I’m too tired to say all this because I’ve said it all before, and I’ve heard the counter argument, which is equally convincing.
“Actually, scrap the curry I’m going to bed.”
My husband shrugs and orders his Chicken Dhansak.
I need to go to bed early because I have a special alarm clock, which goes off at 4.20am. I can’t turn it off, or turn it down, or throw it across the room. I’ve tried to find the snooze option, but nothing works, because my alarm clock is Mayhem and his incessant shouting every morning.
“Downstairs Mummy! Downstairs! Doooooowwwwn Staaaaaaiiiiiirrrrrrrs Mummmmeeeeeeeeeee!”
I wish we lived in a bungalow.
And so, our day begins.
When people say ‘Margaret Thatcher ran the country on four hours’ sleep a night’, I always expect them to add, ‘and that’s why she messed it up.’
I take Mayhem downstairs before he wakes up the others. We spend our first few moments together wandering round the kitchen searching for slugs. This is their time. They slip out of the skirting boards at night and feed on dried baked beans under the table. They leave their silvery trails along the carpet in the playroom. But they will have to change their routine if they are to survive our early risings.

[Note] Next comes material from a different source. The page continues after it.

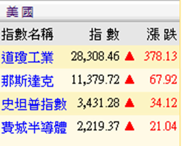 美東時間周一,美股三大指數集體收漲,道指漲1.35%,報28308.46點;納指漲0.6%,報11379.72點;標普500指數漲1.00%,報3431.28點。納指和標普500指數續創歷史新高。

I find it hard to kill things, so we chuck the slugs into the Mud Kitchen outside.
“Slugs flying,” squeals Mayhem. “Like Batman mummy!”
Not really I think, but nod enthusiastically at his wild imagination.
Because someone who works in TV has decided that all children get up at 6am, there is no children’s TV on at this time. I scramble around for a Peppa Pig DVD, but find Peter Rabbit inside the box. Surely (and this does sound odd) that means Peppa Pig will be inside Peter Rabbit? But no, instead I find Fireman Sam smiling out at me.
“Peppa Pig?” says Mayhem hopefully.
I spend the next ten minutes opening and shutting DVD boxes, while Mayhem asks increasingly loudly for Peppa Pig. Of course, Peppa Pig is still in the DVD player, and we are soon accompanied by loud cheerful music and giggling pigs.
By the time my husband and Milk emerge at 6am, I have made banana cakes, thrown away some Lego which hurt my foot, washed up, unloaded and reloaded the dishwasher, discovered a plastic box with old porridge and raisins stuffed at the back of the fridge and nearly persuaded Mayhem to try it, done a load of washing, which is now in the drier, and am in the middle of an online grocery shop.
“We’ve been catching slugs too,” I say, not wanting to miss out anything I have achieved.
Milk’s eyes widen.
“I want to do that mummy. I want to catch slugs. Can I catch slugs with you and Mayhem tomorrow?”
“That would make my day,” I say, staring at the back of my husband’s head as he gently stirs his espresso.